Creates a data frame in the VCF format for all SNPs and across all loci in the data set.
vcfinfo(string, pos = NULL)
a data frame with 10 different columns
Chromosome. Each locus is treated as different linkage group.
Co-ordinate. The coordinate of the SNP.
Identifier.
Reference allele. We assume that the reference allele is always an A. Note that this is not necessarily the major allele.
Alternative allele. We assume that the alternative allele is always a T.
Quality score out of 100. We assume that this score is always 100.
If this SNP passed quality filters.
Further information. Provides further information on the variants.
Information about the following columns. This column tells us how the number of reads is coded in the next column.
Number of reference-allele reads, alternative-allele reads and total depth of coverage observed for this population at this SNP.
is a character vector or a list where each entry contains a
character vector for a different locus.
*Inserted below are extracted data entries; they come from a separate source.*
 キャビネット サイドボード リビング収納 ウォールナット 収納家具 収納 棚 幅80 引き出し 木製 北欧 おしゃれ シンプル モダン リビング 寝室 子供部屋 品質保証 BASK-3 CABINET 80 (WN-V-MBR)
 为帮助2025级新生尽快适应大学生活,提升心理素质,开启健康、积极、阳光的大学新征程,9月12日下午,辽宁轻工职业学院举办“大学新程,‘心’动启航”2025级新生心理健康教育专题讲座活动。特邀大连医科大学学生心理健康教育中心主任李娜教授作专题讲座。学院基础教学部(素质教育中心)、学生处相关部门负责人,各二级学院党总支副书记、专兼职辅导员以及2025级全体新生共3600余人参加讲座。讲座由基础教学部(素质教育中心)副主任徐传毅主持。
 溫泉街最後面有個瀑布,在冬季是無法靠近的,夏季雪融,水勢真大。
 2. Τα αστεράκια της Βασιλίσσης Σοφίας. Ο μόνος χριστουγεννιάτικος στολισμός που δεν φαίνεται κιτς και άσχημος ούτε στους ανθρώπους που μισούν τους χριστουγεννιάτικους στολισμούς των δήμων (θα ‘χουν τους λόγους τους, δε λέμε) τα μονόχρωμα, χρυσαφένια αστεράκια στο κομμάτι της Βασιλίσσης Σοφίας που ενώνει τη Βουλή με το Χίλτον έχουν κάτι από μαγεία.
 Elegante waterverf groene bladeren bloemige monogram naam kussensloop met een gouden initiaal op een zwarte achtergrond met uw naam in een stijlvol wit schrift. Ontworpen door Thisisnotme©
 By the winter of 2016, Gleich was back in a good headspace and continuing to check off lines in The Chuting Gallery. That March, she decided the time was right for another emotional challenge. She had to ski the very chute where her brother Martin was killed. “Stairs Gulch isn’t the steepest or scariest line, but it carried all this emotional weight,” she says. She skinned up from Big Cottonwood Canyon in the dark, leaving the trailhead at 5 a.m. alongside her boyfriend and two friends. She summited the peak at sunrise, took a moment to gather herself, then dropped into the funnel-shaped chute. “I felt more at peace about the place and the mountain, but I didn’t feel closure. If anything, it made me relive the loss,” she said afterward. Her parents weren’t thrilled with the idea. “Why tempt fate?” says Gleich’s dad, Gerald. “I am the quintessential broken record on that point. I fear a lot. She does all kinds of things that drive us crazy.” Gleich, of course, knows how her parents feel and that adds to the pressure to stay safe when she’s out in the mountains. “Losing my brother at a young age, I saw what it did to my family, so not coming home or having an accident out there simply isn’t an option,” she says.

Each entry of this character vector
contains the information for a single SNP coded as R,A:DP. The output of
the vcflocus
or vcfloci
is the intended input
here.
is an optional input (default is NULL). If the actual position of the SNPs are known, they can be used as input here. When working with a single locus, this should be a numeric vector with each entry corresponding to the position of each SNP. If the data has multiple loci, this should be a list where each entry is a numeric vector with the position of the SNPs for a different locus.
This function combines the information coded as R,A:DP with other necessary information such as the chromosome of each SNP, the position of the SNP and the quality of the genotype among others. Note that in the character string, R is the number of reads of the reference allele, A is the number of reads of the alternative allele and DP is the total depth of coverage. Each row of the data frame corresponds to a different SNP.